No picture should appear in the copy. Transcribe exactly, and only, the lines from the one with "(通讯员:吴仪 图片:宋宁宁" through the last line of the data below.

» Data block:
•••

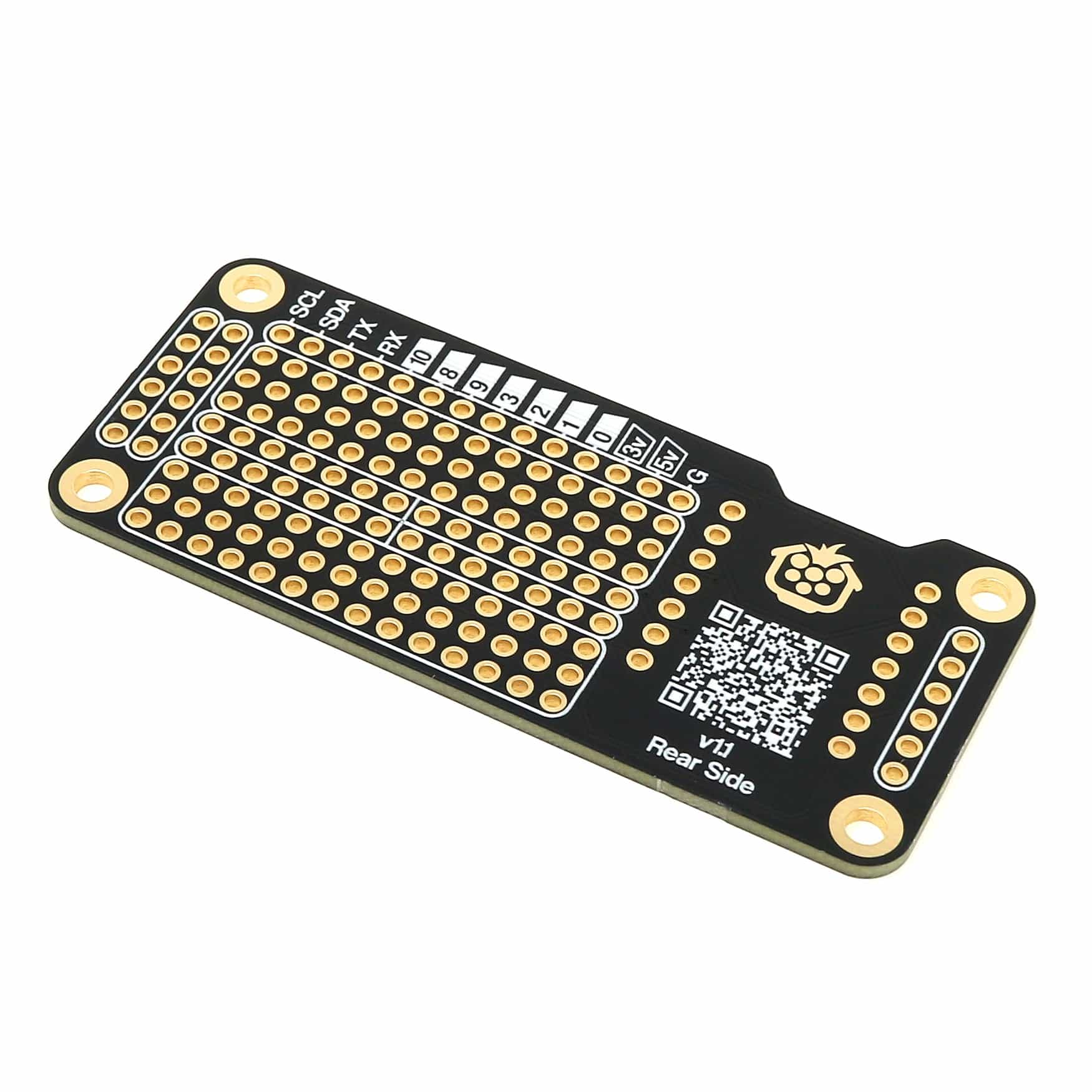 The XIAO's GPIO pins are broken out in order along the top of this prototyping area, making it easy to connect to the IO you need. The central rails are split as indicated by the white frame, but are easily bridged with solder if you want to connect them.
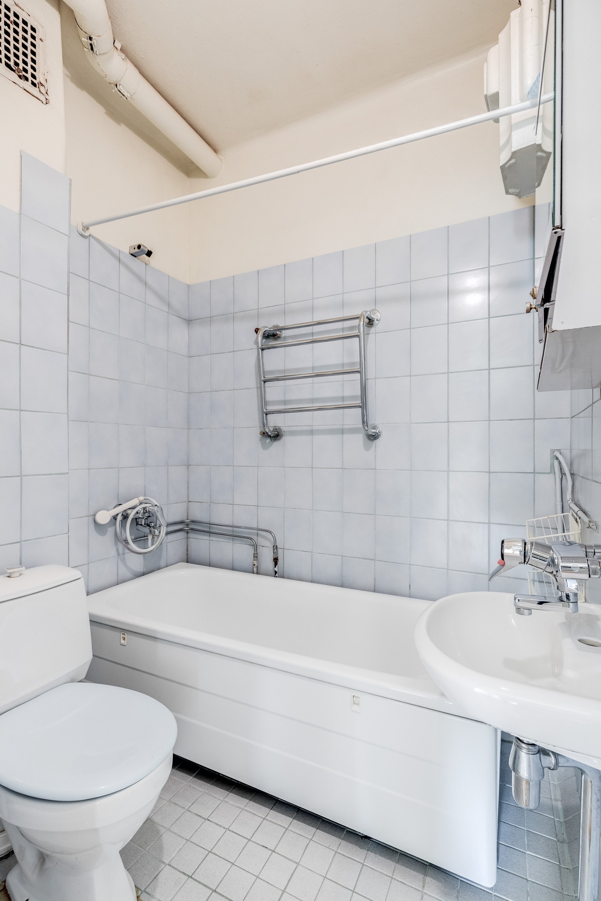 WC-istuin, kylpyamme, suihku, pesuallas ja pesukoneliitäntä
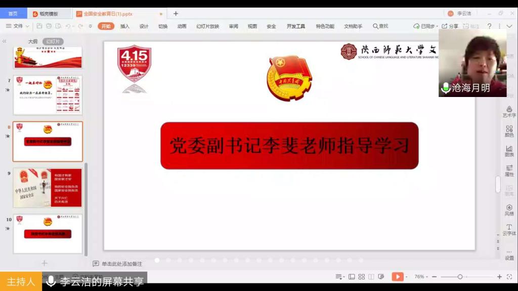 (通讯员:吴仪 图片:宋宁宁)在4月15日第5个“全民国家安全教育日”来临之际,为进一步普及国家安全知识教育,增强同学们维护国家安全的意识,公司团委通过腾讯会议召开“全民国家安全教育日”主题学习会。
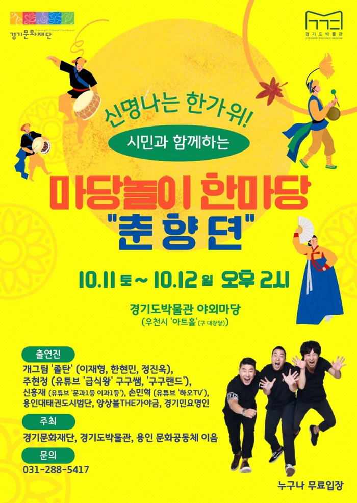 또한, 10월 11일(토)과 12일(일) 오후 2시에는 경기도박물관 야외마당에서 시민과 함께하는 마당놀이 한마당 ‘춘향뎐’이 펼쳐진다. 전통 마당놀이와 현대 개그가 결합한 이번 공연은 남녀노소 누구나 관람할 수 있어 가족 단위 관람객들에게 즐거운 시간을 선사한다. 더불어 용인대 태권도 시범단의 역동적인 공연도 함께 마련되어 풍성한 볼거리를 더할 예정이다.

•••

» Your response:
 (通讯员:吴仪 图片:宋宁宁)在4月15日第5个“全民国家安全教育日”来临之际,为进一步普及国家安全知识教育,增强同学们维护国家安全的意识,公司团委通过腾讯会议召开“全民国家安全教育日”主题学习会。
 또한, 10월 11일(토)과 12일(일) 오후 2시에는 경기도박물관 야외마당에서 시민과 함께하는 마당놀이 한마당 ‘춘향뎐’이 펼쳐진다. 전통 마당놀이와 현대 개그가 결합한 이번 공연은 남녀노소 누구나 관람할 수 있어 가족 단위 관람객들에게 즐거운 시간을 선사한다. 더불어 용인대 태권도 시범단의 역동적인 공연도 함께 마련되어 풍성한 볼거리를 더할 예정이다.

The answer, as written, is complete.